* DATA RECORDS *
● ● ● ● ● ● ●
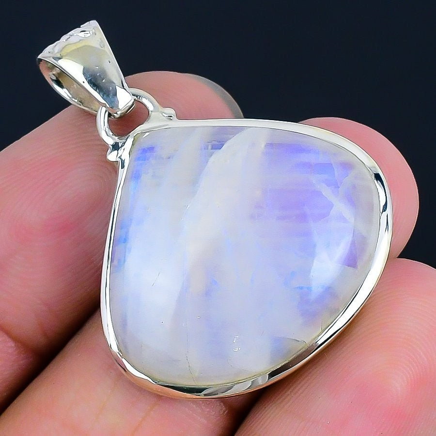 June Moonstone Gemstone Daughters Day Bezel Anniversary Pendant 925 Solid Silver
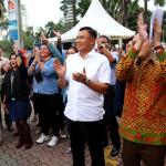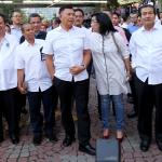Direktur Utama BNI Achmad Baiquni (tengah) melihat acara Celebrate Achievement 2016 & Embrasing Digital Financial Institution BNI bersama karyawan di kantor pusat BNI, Jakarta, Kamis (22/12/2016). Pada kesempatan ini, BNI melakukan Launching BNI New Style, BNI New Template dan e-Absensi yang menjadi simbol pertumbuhan budaya yang diharapkan akan mendukung langkah-langkah BNI sebagai Digital Financial Institution. AKTUAL/Tino Oktaviano
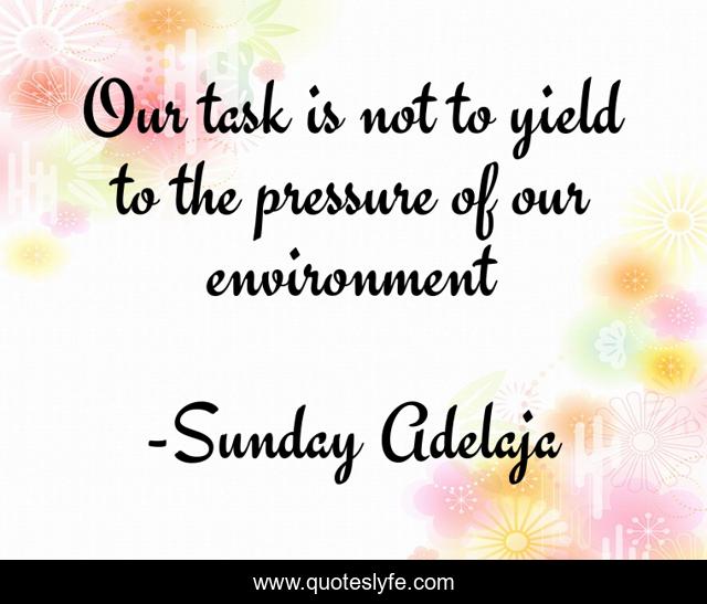 This page presents the quote "Our task is not to yield to the pressure of our environment". Author of this quote is Sunday Adelaja. This quote is about life, task, calling, environment, pressure, purpose, truth,.
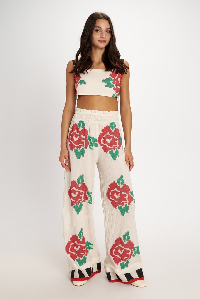 Cream-colored base with artfully woven floral rose motifs in red and green. The wide-cut trousers have a comfortable elasticated waistband for a perfect fit. A graphic finish in black and red at the hem creates a modern contrast.
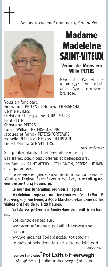 Décédée à Aye (6900) le vendredi 11 novembre 2016 à l'âge de 82 ans
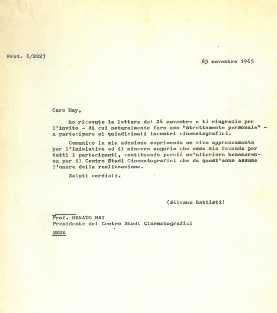 Silvano Battisti risponde a Renato May comunicando la sua adesione agli incontri cinematografici quindicinali. Dattiloscritto
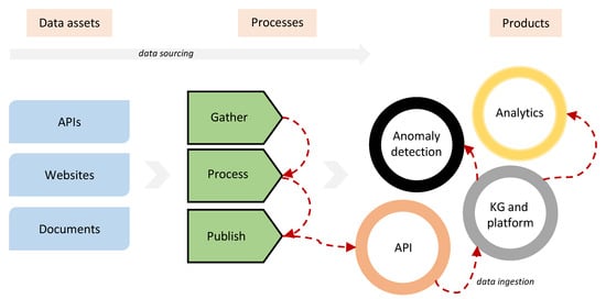 Partly in the context of the work presented here, OpenOpps (https://openopps.com (accessed on 19 February 2022)), the largest data source of European tenders and contracts in the world, sourced core TED data as well as thousands of daily notices from local, regional, and national portals around the EU. The data include details on buyers, suppliers (for contracts), titles, descriptions, values, and categories. The number of data sources is more than 680 globally and over 560 for Europe—see Table 1. Over 400 different scripts were used to gather data from each source by performing Web scraping. These scripts are deployed on a monitored platform and triggered on a daily basis to collect all documents published in the last twenty-four hours. The platform checks the status of scripts against failures and sources against potential changes (e.g., published fewer than expected documents). All scripts are maintained regularly, establishing a consistent flow of high-quality data. As data are gathered, it is stored in a raw form, formatted and cleansed, and then mapped to the OCDS. Mapping involves reallocating a source field to an equivalent field that is defined in OCDS. Data are processed as needed, such as by splitting single records into two fields, so as to comply with the data standard. This mapping process allows publishing data in a consistent format regardless of the format used by the source provider. The data sourcing process is depicted in Figure 1 in relation to KG, platform, and related products.
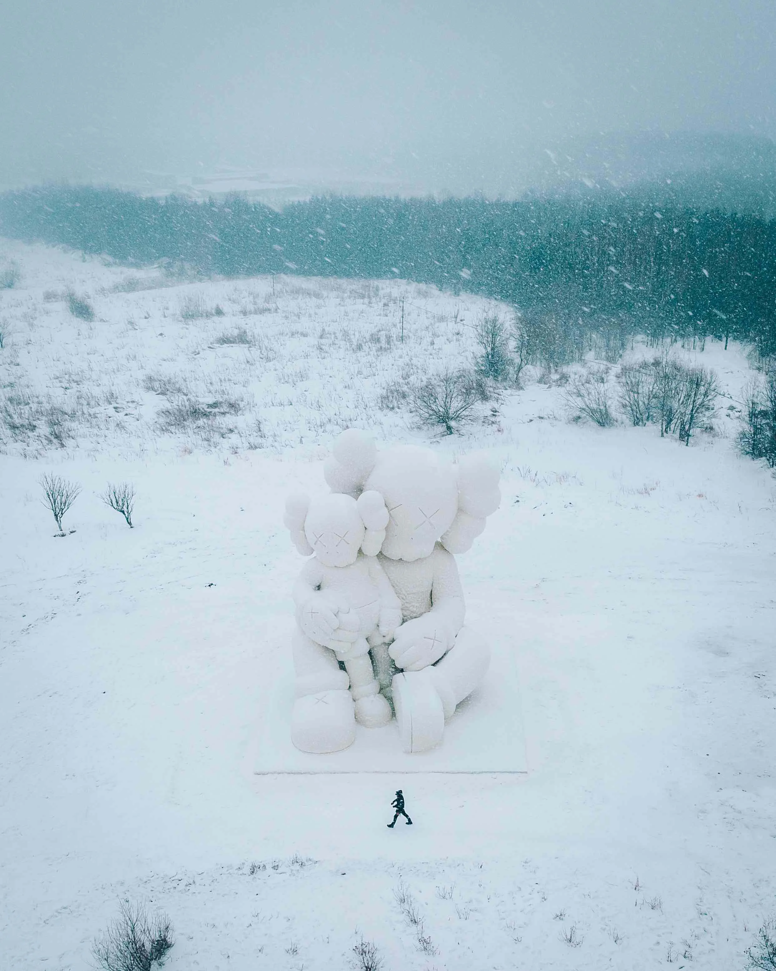 踏入新一年《KAWS:HOLIDAY》繼續帶我們去遊行,今個冬季來到⻑白山天池山腳,KAWS 以全身白雪冰雕造型登場。
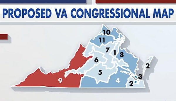 Democracy! 51% of Virginia decides other 49% only gets 9% of state’s representation in Congress April 22, 2026
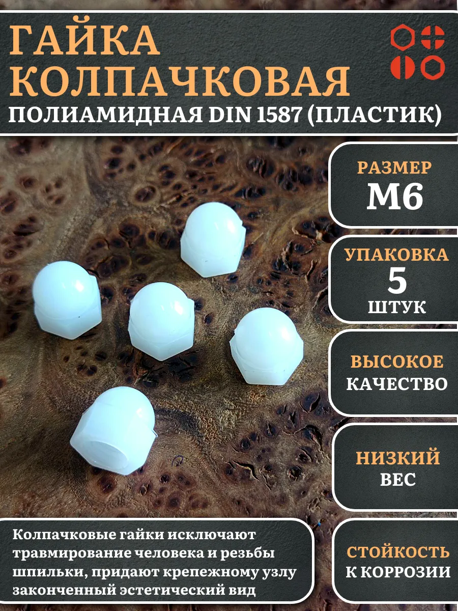 Гайка полиамидная колпачковая (пластик) М6 DIN1587, 5 шт.
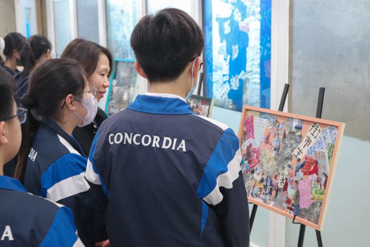 另一位同學劉韻虹則透過拚貼手法重現基隆街排檔,她認為這次學校活動讓他學會了「感恩」:「畫中古人為了生活奔波,跟現在的街坊一樣努力。雖然相隔千年,但那種守望相助的人情味沒變。這讓我學會珍惜這份獨特的社區價值,也明白身為社區一分子的公民責任。」
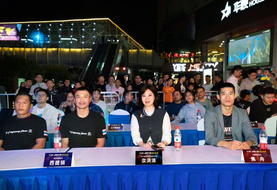 霓虹闪烁的擂台四周,观众们的欢呼声一浪高过一浪,来自中泰两国的泰拳选手在合肥赛场上开启英雄之间的中外格斗赛,金大地东西街项目总经理汝洪清女士、泰拳击世界冠军西提猜、焦舟共同出席本次比赛。
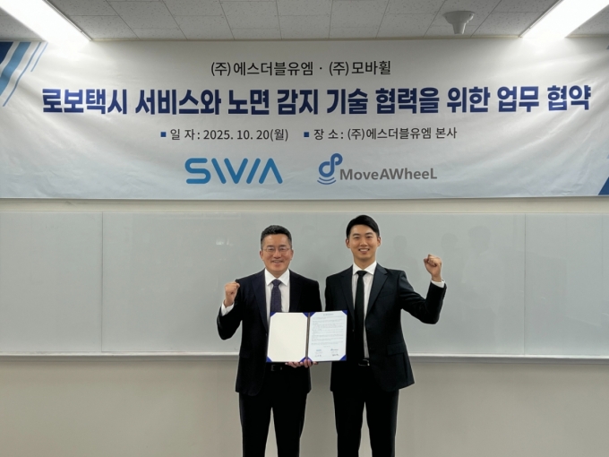 인공지능사물인터넷(AIoT) 기반 도로안전 플랫폼 전문기업 모바휠은 자율주행 모빌리티 전문기업 에스더블유엠(SWM)과 로보택시 서비스, 노면 감지 기술 협력 등을 위한 업무협약을 체결했다고 21일 밝혔다.
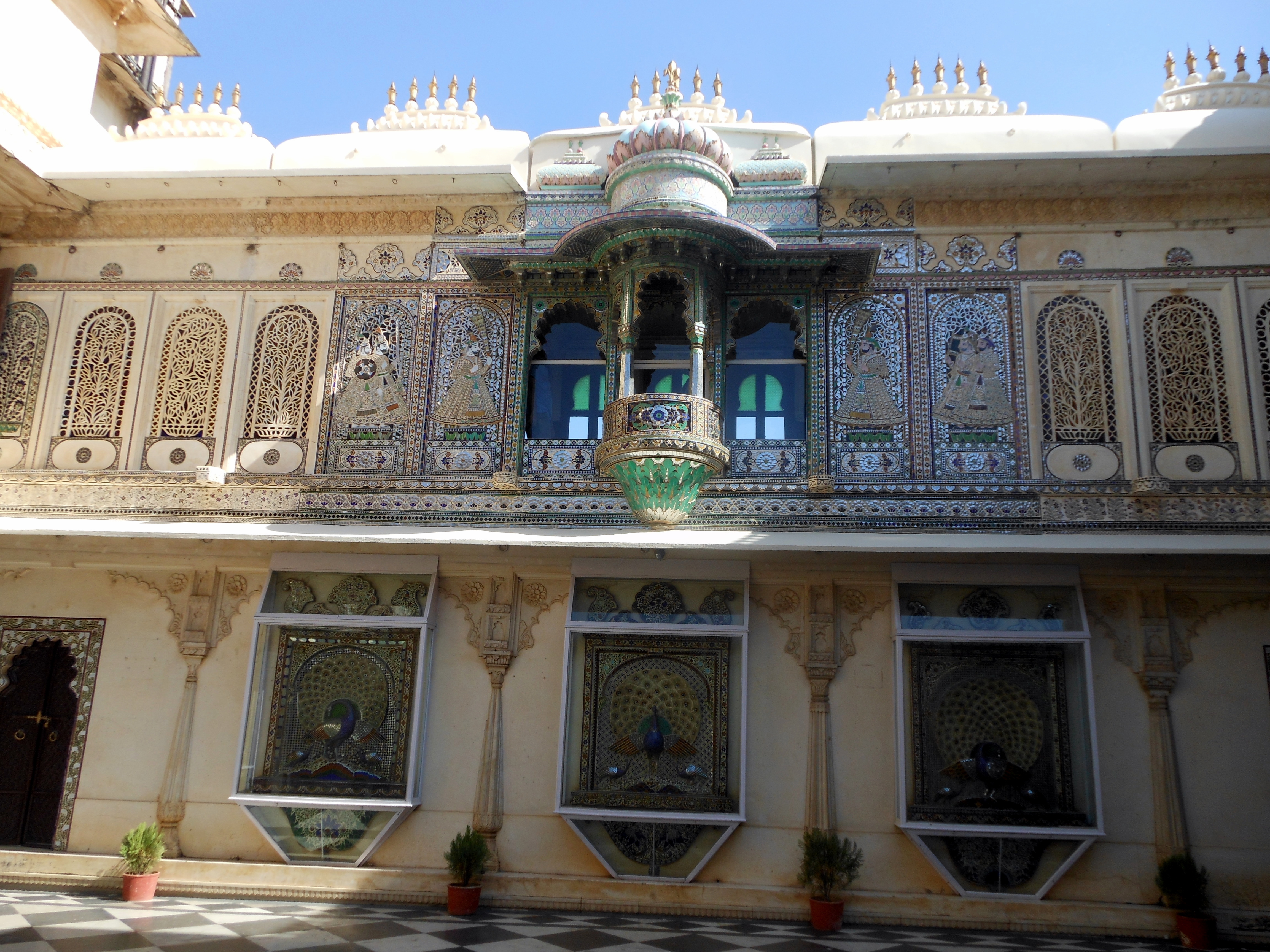 The most spectacular courtyard of the palace is Mor Chowk or Peacock courtyard made of glass mosaic.
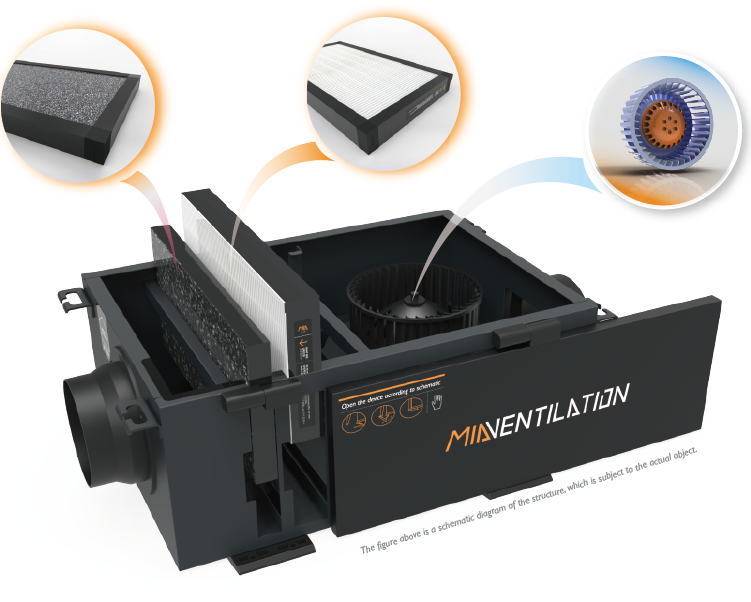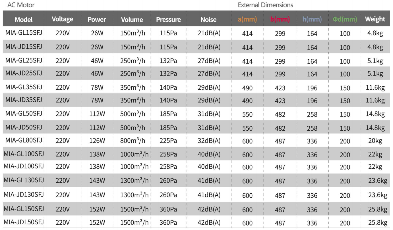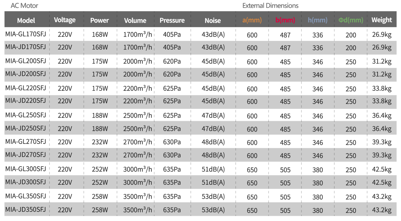 * Thông số kỹ thuật Quạt cấp gió tươi siêu êm với 02 bộ lọc hiệu MIA:
● ● ● ● ● ● ●
* TASK INSTRUCTIONS *
Every line above in the stretch from the one with "Cream-colored base with" through the one with "Silvano Battisti risponde" is to be transcribed exactly, ends included. No picture is copied.

* TASK RESULT *
 Cream-colored base with artfully woven floral rose motifs in red and green. The wide-cut trousers have a comfortable elasticated waistband for a perfect fit. A graphic finish in black and red at the hem creates a modern contrast.
 Décédée à Aye (6900) le vendredi 11 novembre 2016 à l'âge de 82 ans
 Silvano Battisti risponde a Renato May comunicando la sua adesione agli incontri cinematografici quindicinali. Dattiloscritto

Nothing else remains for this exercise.